◆ **Your objective**: Without copying any picture, transcribe exactly the lines of the data below from the one containing "Valinhos integra o" through the one containing "Por otro lado, y".
[[ Record extracts open ]]
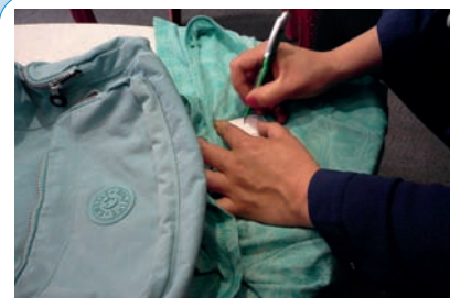
Carole prépare l'étiquetage du vêtement.
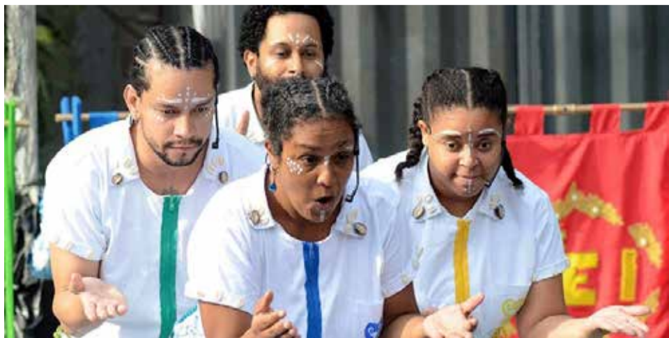
Somos Todos Chico Rei SESC

Valinhos integra o Roteiro 5 com oficinas criativas, realidade virtual e espetáculos teatrais; evento promovido pelo Sesc reúne música, circo e literatura em programação diversificada para todas as idades
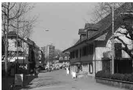
12 Beim «Sternen»
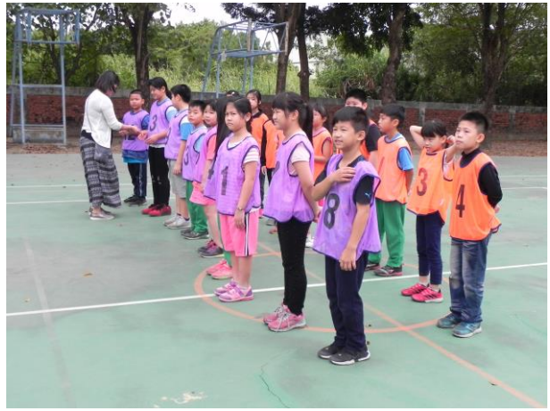
說明：躲避球比賽頒獎
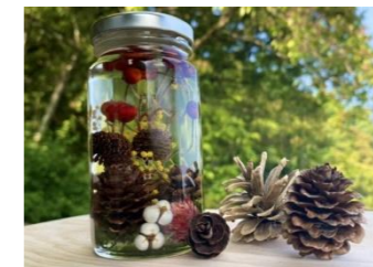
ハーバリウムはとってもきれい!
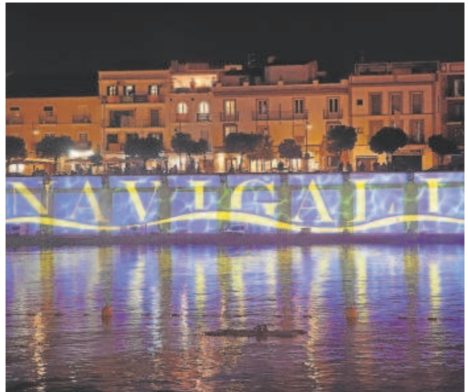
El espectáculo 'Navigalia' es la novedad de la programación navideña

Por otro lado, y en cuanto a las aglomeraciones que se han venido produ-
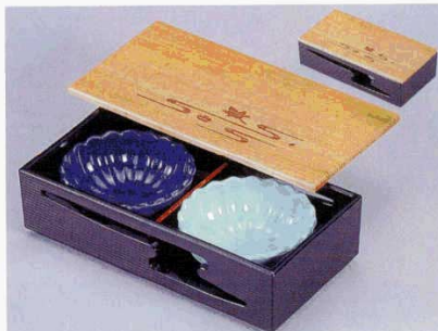
68810-804 [A] 時勢盛器 黒内塗 (ワカシ) 1,850円 (18.1×9.1×4.8cm) 68811-804 [A] 2ツ仕切 黒天朱 750円 (16.7×7.9×3cm) 68812-804 [A] 2.6寸菊型鉢 瑠璃 540円 (8φ×3.2cm) 68813-804 [A] 2.6寸菊型鉢 青磁 540円 (8φ×3.2cm) 68814-804 [木] 6寸長角用杉蓋 波巻秋 2,050円 (18×9×0.5cm)
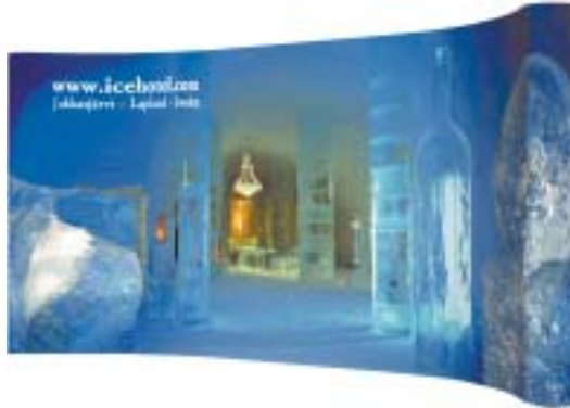
PopUp by expolinc
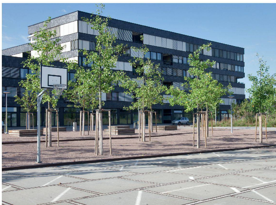
Der Erlenmattpark in Basel vom Landschaftsarchitekturbüro Raymond Vogel Landschaften AG Le parc Erlenmatt à Bâle du bureau d'architecture paysagiste Raymond Vogel Landschaften AG
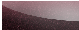
빈티지 레드 Vintage Red ( PREMIERE )
[[ Record extracts closed ]]
◆ **Exercise solution**:
Valinhos integra o Roteiro 5 com oficinas criativas, realidade virtual e espetáculos teatrais; evento promovido pelo Sesc reúne música, circo e literatura em programação diversificada para todas as idades
12 Beim «Sternen»
說明：躲避球比賽頒獎
ハーバリウムはとってもきれい!
El espectáculo 'Navigalia' es la novedad de la programación navideña

Por otro lado, y en cuanto a las aglomeraciones que se han venido produ-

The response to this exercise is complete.